Thanks so much for the reply

# Question 2:

I think it should be this:

- H = Relu(XW^(1) + b^(2))
- y = HW^(2) + b^(2)

**More detail in page 131.**

I think it is more easy to think like this:

Relu(x) constructs a continuous piecewise linear function for every x\in R. So, it do not depend on whatever x is providing that x is continuous in R. So, Relu(Relu(x)*W+b) for example is also constructs a continuous piecewise linear function.

# Question 4:

I think the most different between an MLP apply nonlinearity and MLP not apply nonlinearity is the time and complexity. In fact, MLPs applying nonlinearity such as Sigmoid and tanh are very expensive to calculate and find the derivative for gradient descent. So, we need something faster and Relu is a good choice to address these problem (6.x sigmoid).

Ans for question 4

I think if we apply different non linearity for different mini batches , as the activation function changes the first thing is the range of the output will vary which we affect the final output

My answers

### Exeercises

- Compute the derivative of the pReLU activation function.

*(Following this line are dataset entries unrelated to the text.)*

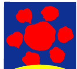
ひたち海浜公園 ロゴマーク
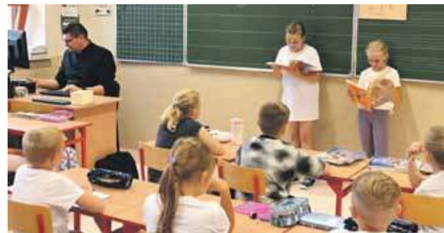
Trwa dodatkowa katecheza w Szkole Podstawowej nr. 1 im. Bohaterów Westerplatte w Cichem.
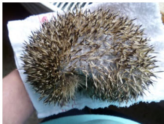
Figure 3 : Infestation d'un hérisson par Caparinia tripilis . Notez l'alopecie diffuse et squameuse étendue

Les infections causées par C. tripilis sont à l'origine d'un prurit, de larges zones alopéciques, d'un épaissement cutané et d'une perte de piquants (Gerson et Boever 1983 ; Kutzer 1992) (Figures 3-5). Cet acarien prédispose à une infection par les dermatophytes, notamment Trichophyton mentagrophytes var erinacei (Moreira et al. 2013), et à des myiases du fait de la présence de débris cutanés et de sérosités (Sweatman 1962 ; Brockie 1974 ; Bexton et Robinson 2003). Il existe le plus souvent un portage asymptomatique de C. tripilis par le hérisson (Brockie 1974).
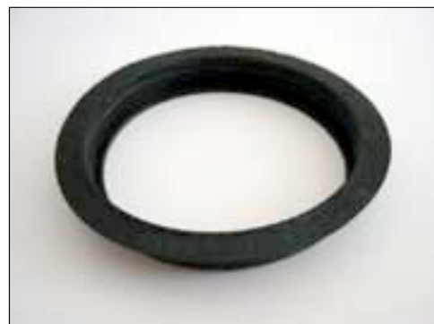
HT - Doppeldichtung
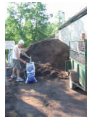
...à la prise de compost

Le compost est soumis régulièrement à des analyses effectuées par un laboratoire indépendant. Les résultats sont affichés sur chaque site.

- made a way to describe the function but the torch autograd is not able to work

`alpha = 0.1`

`y = find_max(X) + alpha * find_min(X)`

2. Show that an MLP using only ReLU (or pReLU) constructs a continuous piecewise linear

function.

- I guess we need to construct a multi layer perceptron here. dontknow.

- Show that tanh(x) + 1 = 2 sigmoid(2x).

- through plottinga graph we can show.

- Assume that we have a nonlinearity that applies to one minibatch at a time. What kinds of

problems do you expect this to cause?

- maybe this would create problems like each min batch would be squished(scaled) differently.